As the coronavirus pandemic continues to spread across the world, authorities have seen a simultaneous outbreak of opportunistic cyber scams.
The US Cybersecurity and Infrastructure Security Agency, which is part of the Department of Homeland Security, issued a warning earlier this month about online fraud having to do with Covid-19.
“Cyber actors may send emails with malicious attachments or links to fraudulent websites to trick victims into revealing sensitive information or donating to fraudulent charities or causes,” it said. “Exercise caution in handling any email with a Covid-19-related subject line, attachment, or hyperlink, and be wary of social media pleas, texts, or calls related to Covid-19.”
Digital Shadows, a cyber threat intelligence firm with offices in the US, UK, and Singapore, has been monitoring the dark web forums where cybercriminals buy, sell, and trade ideas. Researchers discovered one user on a Russian-language site offering malware that would be installed on victims’ computers via an email attachment mimicking a map of the coronavirus’s spread from the Johns Hopkins University Center for Systems Science and Engineering. Prices started at $200.
Another phishing campaign, which first emerged in late January, targeted people in Japan with fake health alerts that in fact planted malware on users’ machines to steal their personal information.
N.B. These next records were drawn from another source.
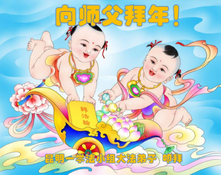 Các đệ tử Đại Pháp từ một nhóm học Pháp ở Côn Minh kính chúc Sư phụ năm mới vui vẻ!
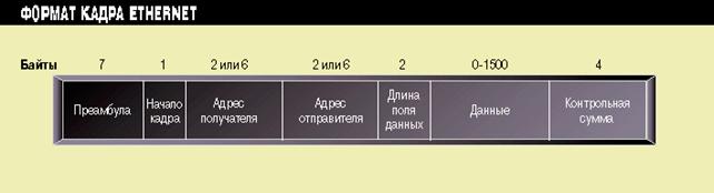Как и всякий кадр, Ethernet_II начинается с семибайтной преамбулы, состоящей из чередующихся единиц и нулей, и однобайтного начального ограничителя кадра, в котором два младших бита равны 112, а не 102, как остальные биты в преамбуле и ограничителе. Однако, если быть более точным, в Ethernet_II преамбула не разделяется на собственно преамбулу и начальный ограничитель кадра - и это является одним из отличий Ethernet от IEEE 802.3, хотя весьма несущественным, можно сказать, схоластическим, тем более что очень часто преамбула вообще рассматривается как часть физического механизма синхронизации передающей и принимающей стороны, а не как часть кадра (поэтому на рисунках мы не будет обозначать преамбулу и начальный ограничитель).
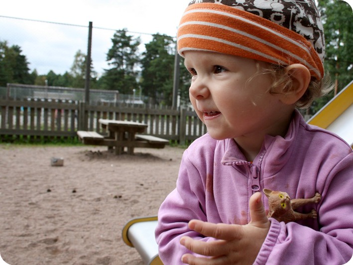 Vi gick därifrån, jag blev så arg så jag grät när vi kom till den andra parken. Arg för att de där var så sura, för att jag kände mig så i vägen och för att det blev en liten sak av en stor. För att jag inte själv kunde behärska mig, gå fram och fråga vad vi gjorde för fel? De kan väl gå till sin pensionärsförening om de förväntar sig lugn och ro på en plats som är avsedd för lek, en plats som tillhör Åbo stad. Varför kan man skriva nåt i stil med ”Den här parken tillhör Tornhusen. Var vänlig, städa efter dig, och lämna den i fint skick.” Eller nåt liknande. Det kommer fler och fler Privat-skyltar här i området och jag tänker på barnboken Fyra hönor och en tupp (en personlig favorit), där den lilla, ensamma tuppen bara ville bestämma och till slut lade upp skyltar överallt. När hönorna äntligen vågade säga nåt, sa de: ”Vi vill dela rättvist” och då blev tuppen så förskräckt att han ramlade omkull och tappade talförmågan.

In Italy, where the coronavirus has now killed more than 4,000 people, a similar online swindle used emails that looked like they were from the World Health Organization to infect computers with a banking trojan called Trickbot.
But, according to Digital Shadows analyst Alex Guirakhoo, “exploitation is not the universal reaction.”
“As we’ve seen time and time again, cybercriminals will find ways to take advantage of people’s fears and uncertainties in the wake of major disasters and emergencies,” Guirakhoo wrote in a blog post. “However, the gravity of the Covid-19 pandemic has shown some benevolent reasoning has emerged on some platforms that are typically used for crime: Users urging others to avoid taking advantage of an already dire situation.”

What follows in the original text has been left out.